= Suntree, Florida =

Unincorporated community in Florida, U.S.

Suntree is an unincorporated community in Brevard County, Florida, United States. It is located near the center of the county, off I-95 near Viera between Interstate 95 and the Florida East Coast Railroad. It lies approximately halfway between Rockledge and Melbourne.

Suntree is part of the Palm Bay-Melbourne-Titusville Metropolitan Statistical Area.

== Places of Interest ==

- Suntree Country Club
- Interlachen Park
- Brevard Zoo

==Geography==
Suntree is located at While it is located north of Melbourne, it uses a Melbourne, Florida postal address.

==Rare snowfall==
On January 9, 2010, a storm during a cold snap brought mostly rain, but it later changed into sleet and then to snow.

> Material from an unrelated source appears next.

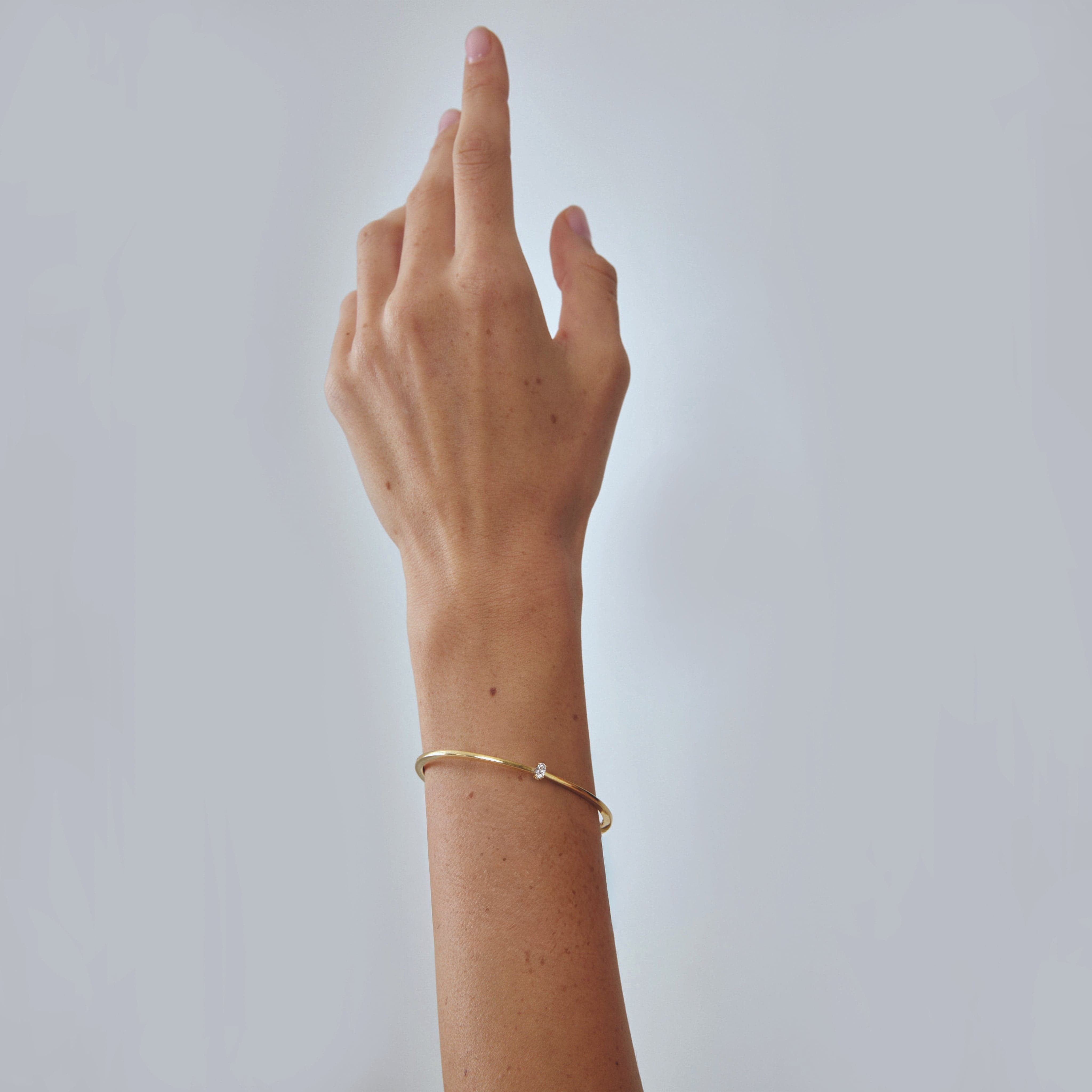 This minimalist solitaire diamond bangle bracelet is designed with a 2.3" (6cm) oval diameter that won't spin around and fits any wrist. Perfect alone or stacked, it's a versatile touch of sophistication.

The snow was light, and there was no accumulation.

== Media ==
- Viera Voice is the monthly local newspaper that serves Suntree and Rockledge/Viera.
- The Sun also a bi-weekly newspaper, serves Suntree and the surrounding areas, including Palm Shores.
- Hometown News is the bi-weekly local newspaper that serves Suntree/Viera.

== Notable residents ==
- Major General Frederick C. Blesse, the sixth ranking fighter pilot of all time. Lived in Country Walk.
- Cecil Fielder and Prince Fielder 1998-2000. Father and son professional baseball players. They lived in a mansion on Jordan Blass Drive.
- Richie Lewis, a retired Major League Baseball player, currently resides here with his family.